Le masque est emblématique de la vie politique française en 2020. Depuis plus d’un semestre, il hante les esprits, les discours et les consciences. Au plus fort de la crise du covid, en avril-mai, quand l’épidémie a atteint sa quintessence entraînant plus de 30 000 morts en France, les plus hautes autorités politiques, scientifiques et médiatiques n’avaient qu’un seul mot d’ordre, martelé sur les ondes, jusqu’à l’obsession: promis, juré, le masque dans la vie courante, ne servait strictement à rien.
Au prix de la plus sidérante volte face, d’une formidable contorsion intellectuelle ces mêmes hautes autorités tiennent, depuis mai, le discours exactement inverse. Le masque est désormais présenté comme la solution miracle, magique, pour éviter une reprise de l’épidémie. Cette arme secrète est tellement efficace qu’il est fortement question de la rendre obligatoire, non seulement dans les lieux confinés, mais aussi dans la rue et tel est déjà le cas dans quelques quartiers parisiens.
Un minimum de cohérence et d’honnêteté ne ferait pas de mal. Ce revirement signifie-t-il que les plus hautes autorités se sont lourdement trompées en mars-avril 2020? Mal conseillées par les médecins? Peut-être, mais cela ne change rien à leur responsabilité: tout aussi responsables pour avoir choisi de mauvais conseillers et écouté de mauvais conseils.
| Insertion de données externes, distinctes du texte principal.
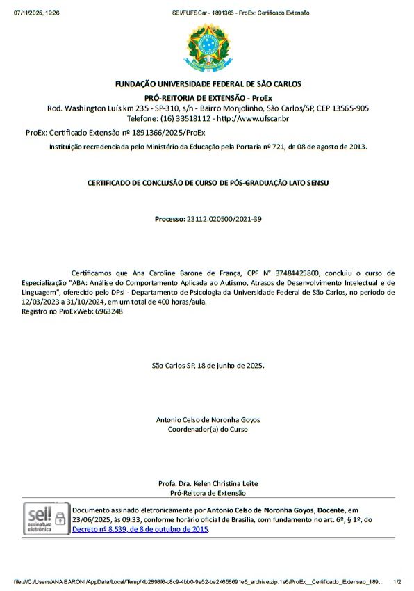 Ana Caroline Barone de França tem formação em Psicologia pelo Centro Universitário das Américas (FAM). Especialista em Analise do Comportamento Aplicada pela Universidade Federal de São Carlos (UFSCAR), com vasta experiência em intervenções em ABA aplicadas ao autismo, atraso no desenvolvimento, deficiência intelectual e, entre outras dificuldades pontuais de cada indivíduo (como aplicadora e coordenadora).
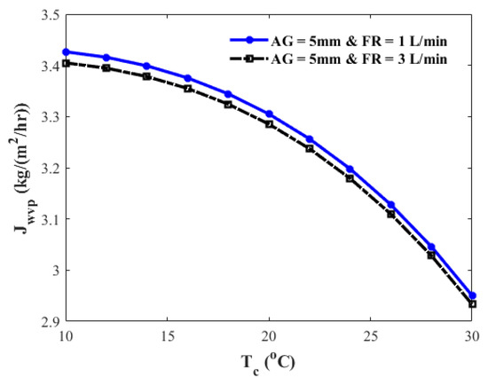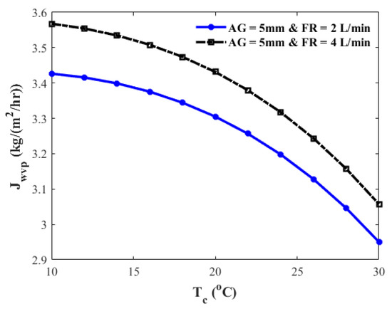 The effect of the hot feed temperature on the Jwvp at a constant cold feed temperature (20 °C) and fixed air gap thickness (5 mm) is presented in Figure 10. It is evident that when the hot feed temperature increased, the permeate increased. Increasing the feed of the hot solution from 2 L/min to 4 L/min produce a slim increase in the permeate corresponding to the hot feed temperature above 60 °C. Similarly, the effect of the cold feed temperature on the permeate at a constant hot feed temperature (55 °C) and fixed air gap thickness (5 mm) is presented in Figure 11. As expected, when the cold feed temperature increased, the permeate decreased. A visible rise in the permeate was obtained by boosting the hot feed rate from 2 L/min to 4 L/min.
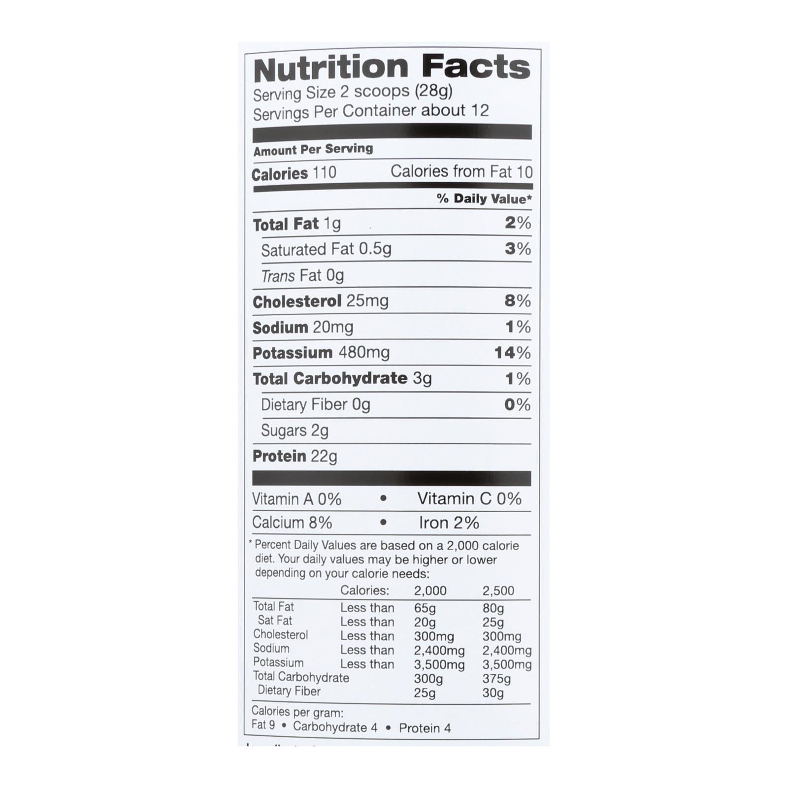 Tera's Whey Protein is the perfect choice for those looking for a nutritious and delicious way to supplement their diet. This 12 oz. Canister of Goat Plain Unsweetened Protein is Non-GMO, certified Gluten-Free and Kosher-Dairy, with 0 g. of Trans Fat and just 2 g. of Sugar per serving. Every 2-scoop serving provides 22 g. of Protein, along with 14% of the daily recommended value of Potassium and 8% of the recommended value of Calcium. This protein powder is the perfect addition to your smoothies, shakes, and baking recipes. It's also an ideal choice for those with dietary restrictions and sensitivities, as it is free from Yeast and Glycemic. Plus, it contains a variety of Vitamins and Supplements that are essential for helping you meet your daily nutritional needs. Tera's Whey Protein is a fast and easy way to add the protein your body needs to get the most out of your workouts. With its delicious taste and unbeatable nutrition, you can enjoy the benefits of Goat Plain Unsweetened Protein every day. Get your 12 oz. canister of Tera's Whey Protein today and take advantage of all the vitamins, minerals, and protein it contains.
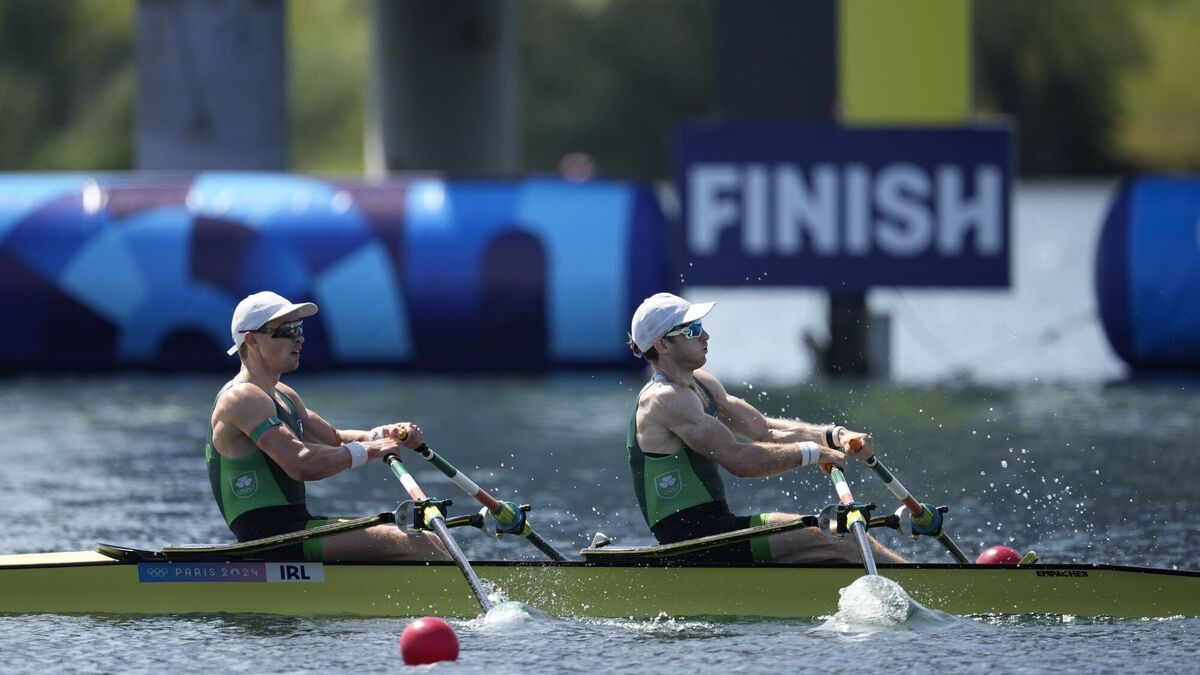 LAYING DOWN THE GAUNTLET: Ireland's Paul O'Donovan and Fintan McCarthy compete in the lightweight men's double sculls rowing heat. Pic: AP Photo/Ebrahim Noroozi.
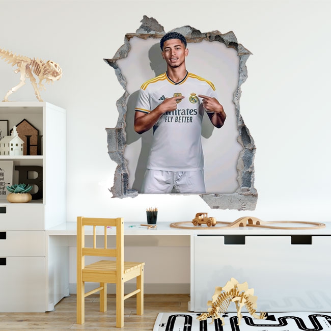 ¡Dale un toque futbolístico a tu espacio con este vinilo decorativo 3D! Este vinilo presenta una ilusión óptica realista de un agujero en tu pared con la figura de Jude Bellingham, el talentoso jugador de fútbol, en acción en Madrid. Perfecto para los fanáticos del fútbol y de Jude Bellingham que desean agregar un toque emocionante a su habitación, sala de estar o área de entretenimiento. Fácil de instalar y de alta calidad, este vinilo decorativo transformará tu espacio con estilo y pasión futbolística.
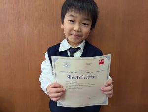 日々のレッスンの積み重ねの中で、アルファベットやフォニックス、簡単な会話表現を少しずつ身につけ、自信をもって試験に挑戦することができました。年少という年齢での挑戦は決して簡単なことではありませんが、楽しみながら英語に取り組んできた成果が実を結びました。

Dès lors, par simple déduction logique, si le masque qu’elles ont tant dénigré offrait une authentique protection, n’auraient-elles pas une responsabilité au moins partielle dans les 30 000 morts? Désigner deux boucs émissaires à la vindicte populaire, en l’occurrence l’ex Premier ministres et l’ex porte-parole du gouvernement, tous deux sèchement limogés, règle-t-il la question de la responsabilité intrinsèque des plus hautes autorités du pays, toutes celles qui ont été impliquées de près ou de loin dans le désastre sanitaire?
Aujourd’hui, les « anti-masques » sont montrés du doigt. Mais qui a propagé le discours anti-masque, avant de se raviser sur le tard, une fois passé le pic mortel de l’épidémie? Qui a répandu l’idée que le masque était inutile?
Le revirement du pouvoir sur le sujet soulève d’autres questions. Ne serions-nous pas en train de basculer d’une approche dogmatique à une autre approche dogmatique? D’une imposture à une autre imposture? A quoi-sert-il d’imposer le masque, si longtemps dénigré, comme un objet miraculeux qui en toute circonstance, y compris à l’extérieur, offrirait une arme magique contre la reprise de l’épidémie? Pourquoi faire? Gesticuler et faire semblant d’agir en maniant le bâton? Le masque comme bâillon populaire? Il faudrait au moins qu’un jour, les détenteurs de l’autorité dans ce pays cessent de prendre les Français pour des imbéciles et plutôt que de leur asséner des ordres et des contre-ordres, des « injonctions paradoxales » en langage technocratique, leur fournissent quelques explications auxquelles ils ont droit.